»»

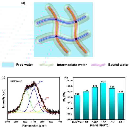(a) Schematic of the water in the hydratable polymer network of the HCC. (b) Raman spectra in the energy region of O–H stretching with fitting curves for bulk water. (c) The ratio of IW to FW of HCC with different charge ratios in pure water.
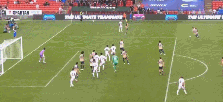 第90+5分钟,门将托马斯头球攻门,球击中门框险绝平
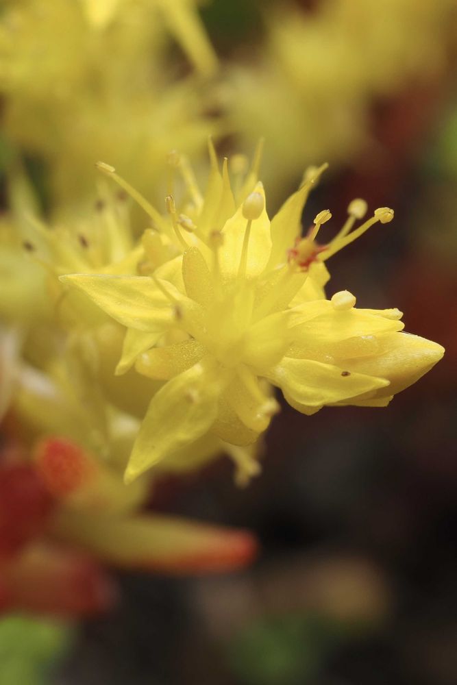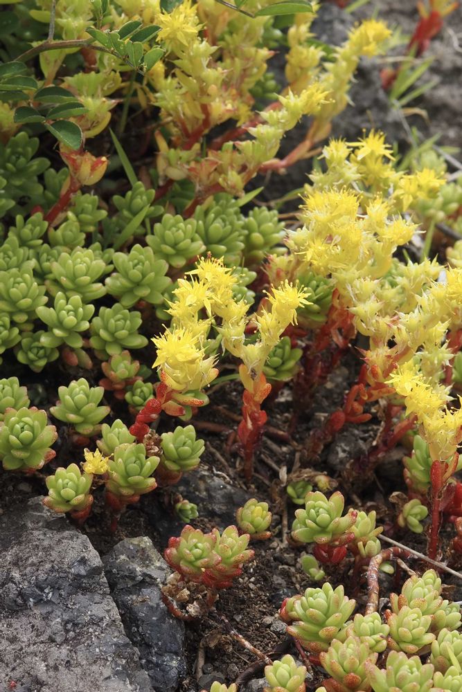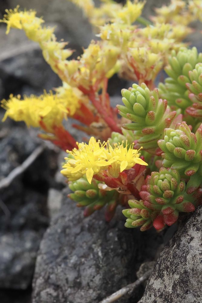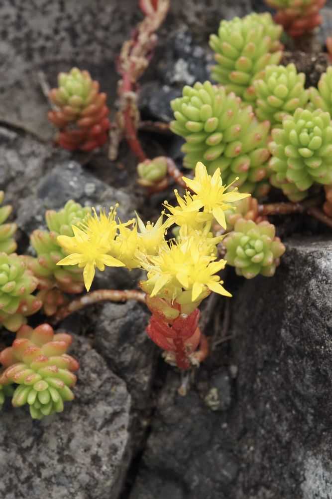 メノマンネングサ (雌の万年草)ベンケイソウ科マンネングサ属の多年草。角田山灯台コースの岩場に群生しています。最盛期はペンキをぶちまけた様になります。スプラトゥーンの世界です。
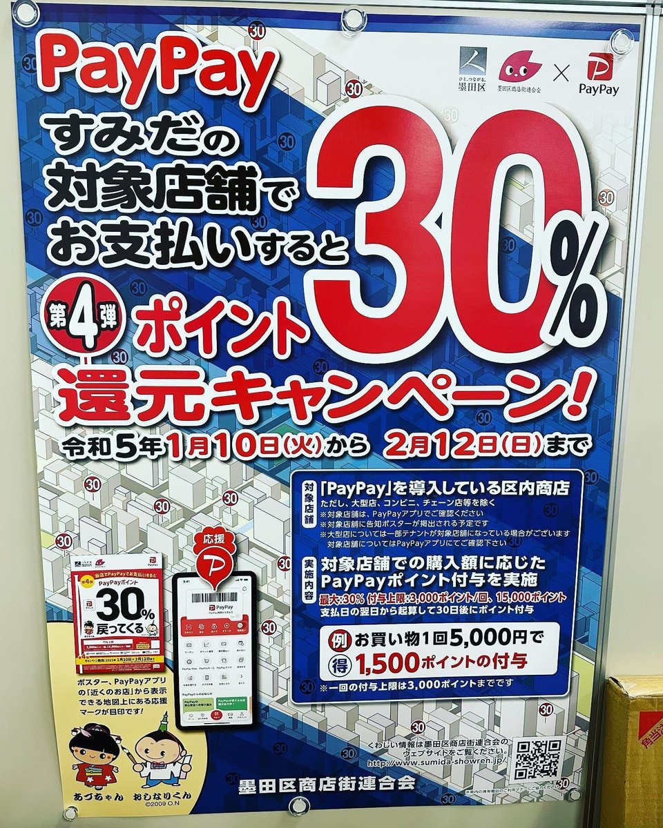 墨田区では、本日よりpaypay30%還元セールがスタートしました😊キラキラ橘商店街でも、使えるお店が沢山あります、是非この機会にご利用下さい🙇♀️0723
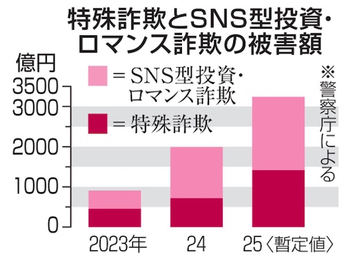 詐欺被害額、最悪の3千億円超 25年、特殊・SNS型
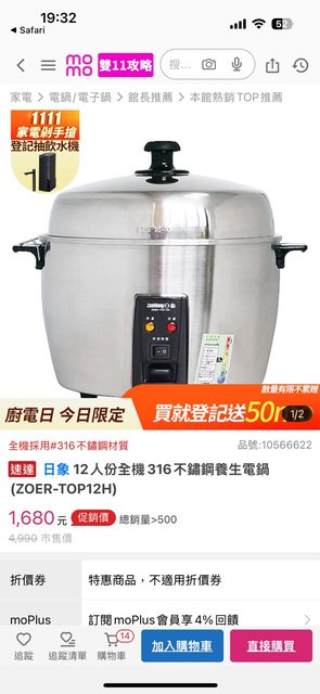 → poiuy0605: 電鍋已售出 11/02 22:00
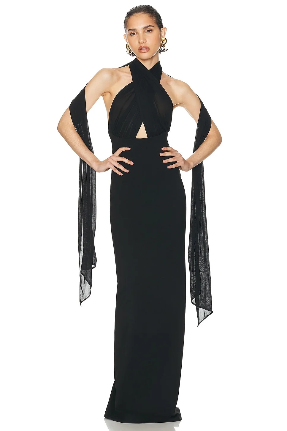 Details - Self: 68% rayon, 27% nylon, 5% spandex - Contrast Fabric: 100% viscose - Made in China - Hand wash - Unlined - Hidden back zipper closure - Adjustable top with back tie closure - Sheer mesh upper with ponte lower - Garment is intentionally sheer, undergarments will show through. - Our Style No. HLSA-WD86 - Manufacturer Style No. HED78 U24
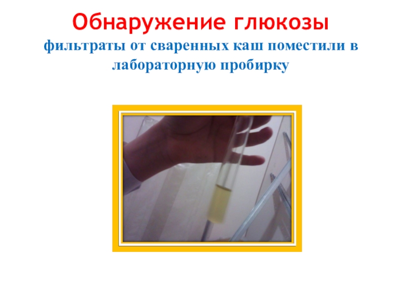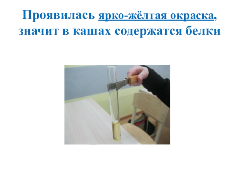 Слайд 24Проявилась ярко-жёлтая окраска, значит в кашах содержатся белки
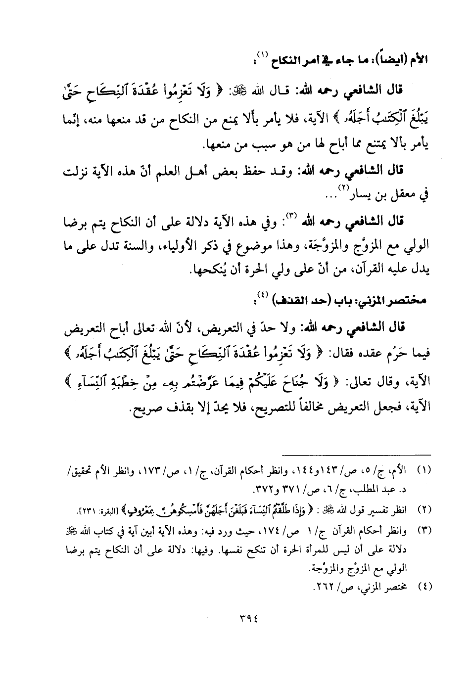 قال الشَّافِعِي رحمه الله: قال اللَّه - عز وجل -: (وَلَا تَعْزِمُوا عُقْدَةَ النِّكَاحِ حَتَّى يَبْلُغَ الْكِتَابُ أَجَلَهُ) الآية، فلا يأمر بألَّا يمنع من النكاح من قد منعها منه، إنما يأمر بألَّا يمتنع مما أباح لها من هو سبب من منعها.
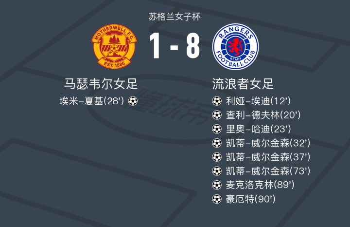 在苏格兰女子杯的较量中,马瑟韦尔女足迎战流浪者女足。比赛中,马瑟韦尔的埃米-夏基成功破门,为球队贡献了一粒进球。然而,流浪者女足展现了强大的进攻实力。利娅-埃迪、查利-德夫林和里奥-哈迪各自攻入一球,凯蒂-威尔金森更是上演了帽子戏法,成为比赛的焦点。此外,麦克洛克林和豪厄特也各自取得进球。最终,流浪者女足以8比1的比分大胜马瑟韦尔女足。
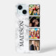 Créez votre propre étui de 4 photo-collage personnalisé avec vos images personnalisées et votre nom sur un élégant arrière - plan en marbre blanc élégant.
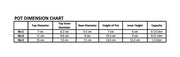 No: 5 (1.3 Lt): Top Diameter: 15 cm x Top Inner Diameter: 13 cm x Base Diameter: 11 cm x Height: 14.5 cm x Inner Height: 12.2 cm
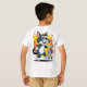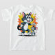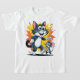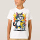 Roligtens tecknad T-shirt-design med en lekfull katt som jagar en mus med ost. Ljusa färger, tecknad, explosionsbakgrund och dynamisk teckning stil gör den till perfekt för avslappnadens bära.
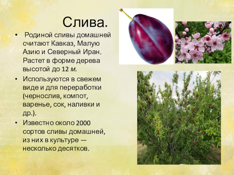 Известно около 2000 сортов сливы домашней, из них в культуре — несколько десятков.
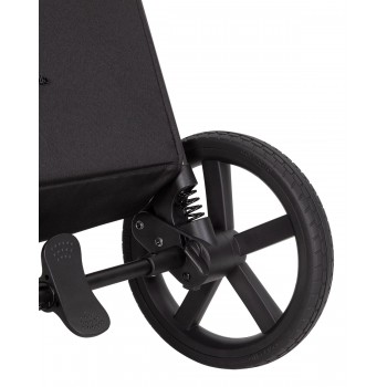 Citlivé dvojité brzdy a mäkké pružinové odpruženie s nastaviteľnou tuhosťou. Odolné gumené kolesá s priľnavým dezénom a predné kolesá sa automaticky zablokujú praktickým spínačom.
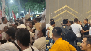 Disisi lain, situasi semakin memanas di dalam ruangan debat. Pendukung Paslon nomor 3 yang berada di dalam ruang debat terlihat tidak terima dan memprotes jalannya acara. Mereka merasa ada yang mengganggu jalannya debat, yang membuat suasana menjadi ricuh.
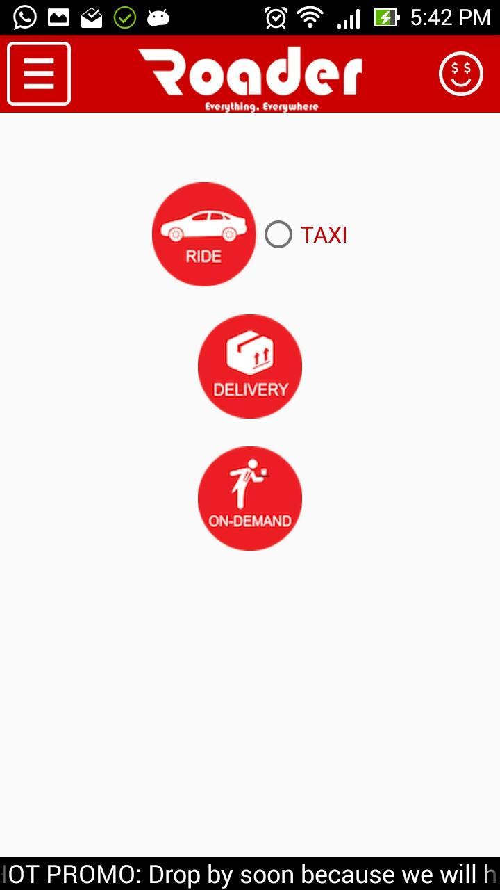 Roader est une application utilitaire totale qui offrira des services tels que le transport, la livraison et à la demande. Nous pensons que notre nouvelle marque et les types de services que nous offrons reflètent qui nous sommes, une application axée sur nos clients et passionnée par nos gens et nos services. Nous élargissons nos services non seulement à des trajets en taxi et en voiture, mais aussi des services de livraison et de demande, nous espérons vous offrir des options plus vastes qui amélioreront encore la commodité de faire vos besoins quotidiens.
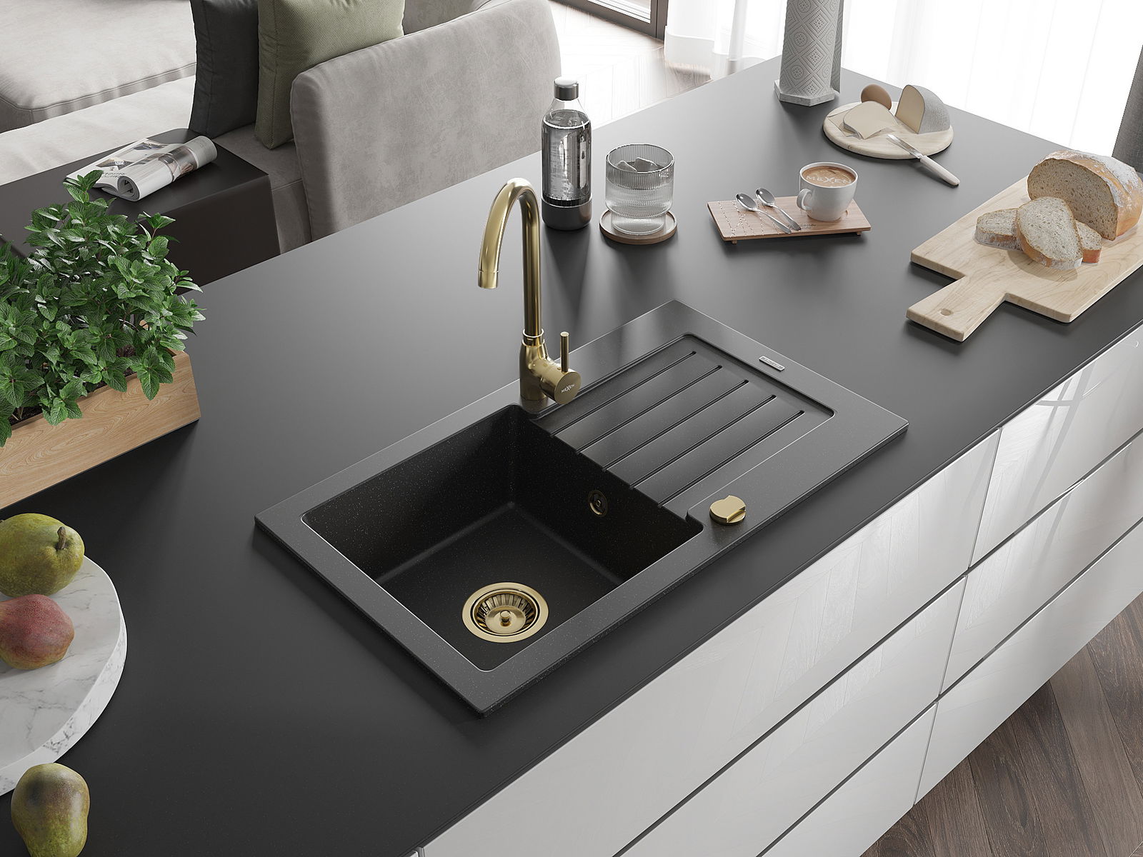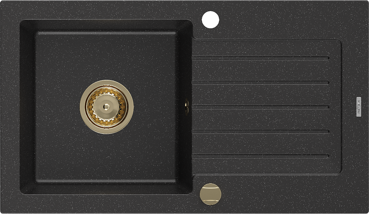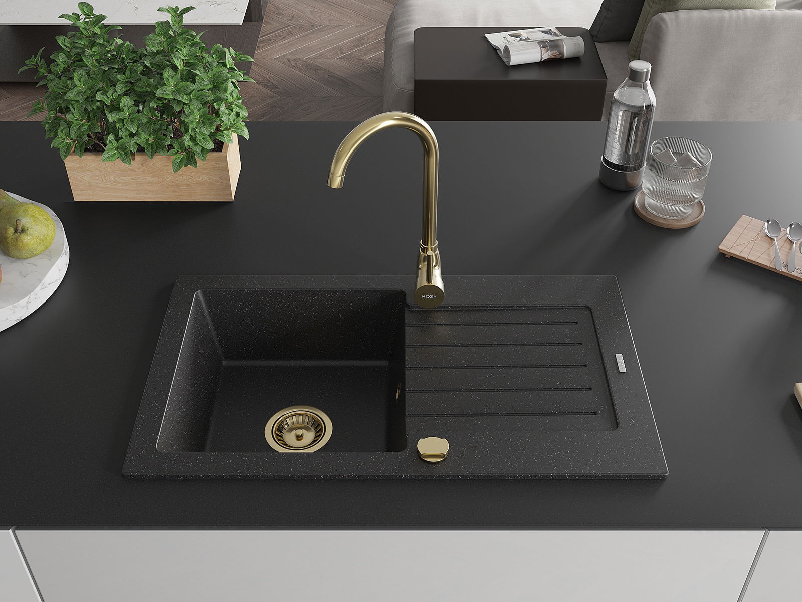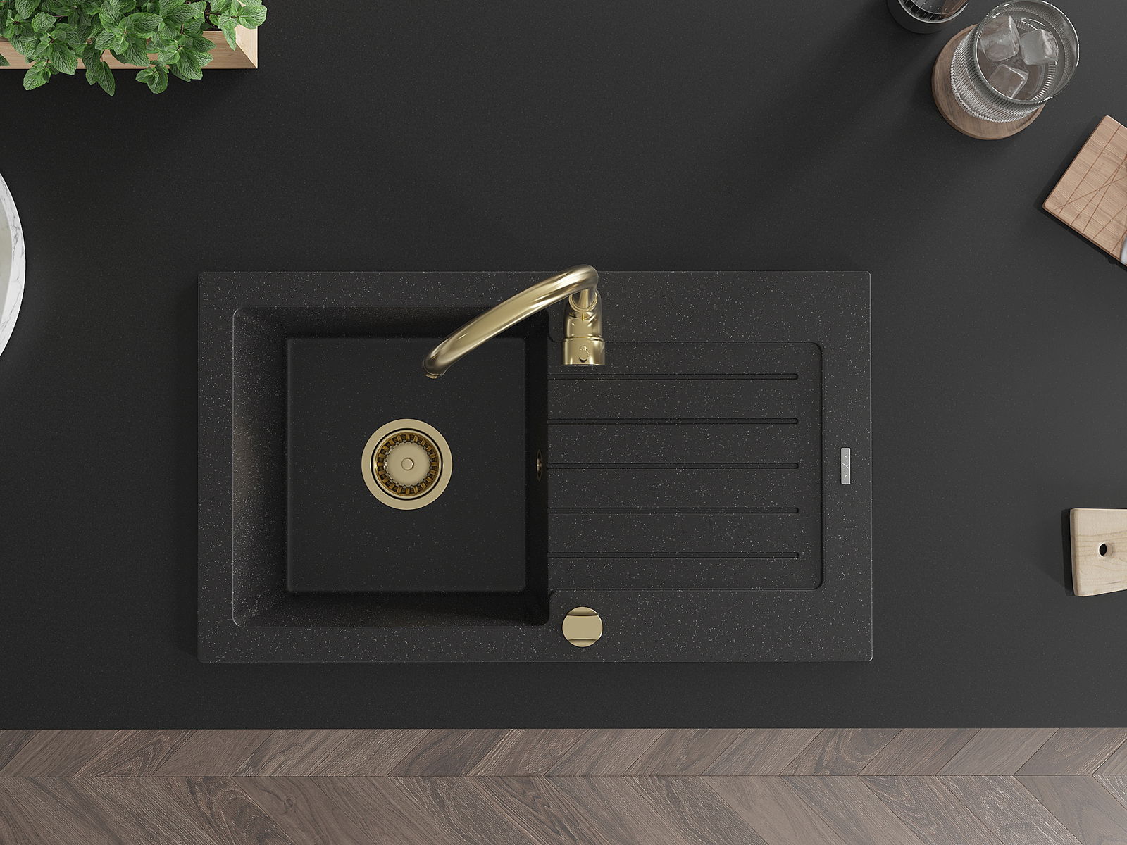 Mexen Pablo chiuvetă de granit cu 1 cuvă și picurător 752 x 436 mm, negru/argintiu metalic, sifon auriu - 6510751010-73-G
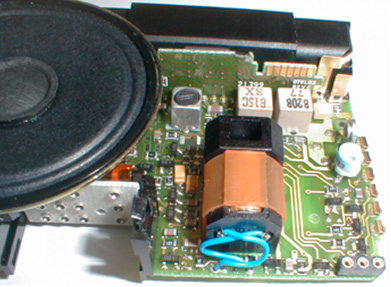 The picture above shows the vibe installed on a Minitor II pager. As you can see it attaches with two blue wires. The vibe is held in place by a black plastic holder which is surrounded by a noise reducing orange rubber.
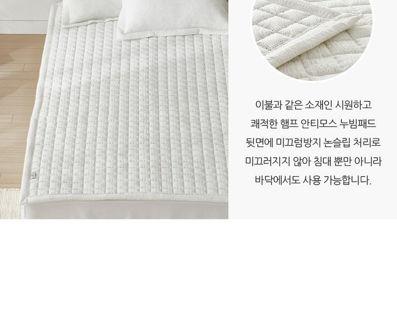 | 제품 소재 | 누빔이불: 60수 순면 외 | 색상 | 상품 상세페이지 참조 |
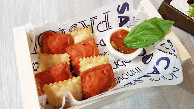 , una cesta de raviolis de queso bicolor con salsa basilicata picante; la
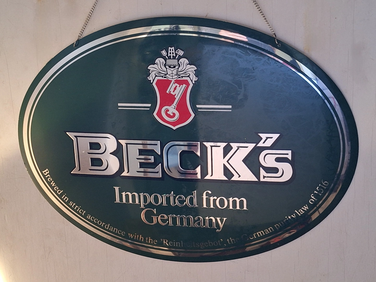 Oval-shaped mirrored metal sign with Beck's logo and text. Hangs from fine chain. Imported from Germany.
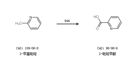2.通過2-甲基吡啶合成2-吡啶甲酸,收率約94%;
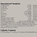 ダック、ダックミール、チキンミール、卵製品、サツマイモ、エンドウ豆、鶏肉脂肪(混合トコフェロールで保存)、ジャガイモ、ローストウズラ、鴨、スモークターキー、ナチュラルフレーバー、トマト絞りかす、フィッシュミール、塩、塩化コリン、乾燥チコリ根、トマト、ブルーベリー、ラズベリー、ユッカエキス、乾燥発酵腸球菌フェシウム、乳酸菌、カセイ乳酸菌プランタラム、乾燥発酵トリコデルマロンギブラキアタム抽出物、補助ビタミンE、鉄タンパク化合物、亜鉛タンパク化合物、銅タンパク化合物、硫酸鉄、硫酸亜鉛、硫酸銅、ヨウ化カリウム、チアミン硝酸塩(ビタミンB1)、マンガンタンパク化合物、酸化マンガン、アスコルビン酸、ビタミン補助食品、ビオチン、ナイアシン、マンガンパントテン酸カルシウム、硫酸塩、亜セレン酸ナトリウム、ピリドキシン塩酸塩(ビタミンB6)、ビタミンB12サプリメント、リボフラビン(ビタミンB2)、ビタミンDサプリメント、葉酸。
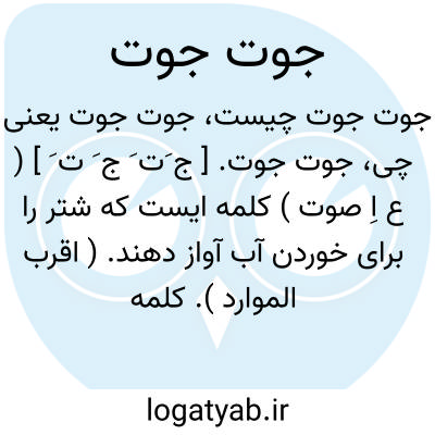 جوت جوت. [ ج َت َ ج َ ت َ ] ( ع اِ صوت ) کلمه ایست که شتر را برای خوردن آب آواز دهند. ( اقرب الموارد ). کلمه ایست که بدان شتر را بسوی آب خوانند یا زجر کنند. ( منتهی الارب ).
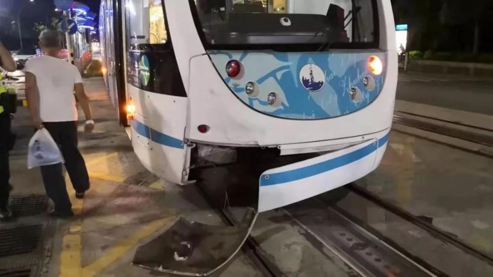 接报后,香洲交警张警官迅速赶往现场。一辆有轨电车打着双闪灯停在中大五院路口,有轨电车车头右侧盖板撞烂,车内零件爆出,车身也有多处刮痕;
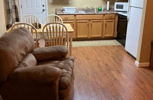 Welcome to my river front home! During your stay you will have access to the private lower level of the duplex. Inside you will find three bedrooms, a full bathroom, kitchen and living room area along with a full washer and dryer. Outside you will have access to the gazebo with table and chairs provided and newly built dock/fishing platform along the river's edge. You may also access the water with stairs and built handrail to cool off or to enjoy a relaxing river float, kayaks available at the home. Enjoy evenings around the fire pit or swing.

««

Above are records; write out the lines from the one with "メノマンネングサ (雌の万年" down to the one with "電鍋已售出 11/02 22:00", exactly, leaving the pictures out.

## Response below
 メノマンネングサ (雌の万年草)ベンケイソウ科マンネングサ属の多年草。角田山灯台コースの岩場に群生しています。最盛期はペンキをぶちまけた様になります。スプラトゥーンの世界です。
 墨田区では、本日よりpaypay30%還元セールがスタートしました😊キラキラ橘商店街でも、使えるお店が沢山あります、是非この機会にご利用下さい🙇♀️0723
 詐欺被害額、最悪の3千億円超 25年、特殊・SNS型
 → poiuy0605: 電鍋已售出 11/02 22:00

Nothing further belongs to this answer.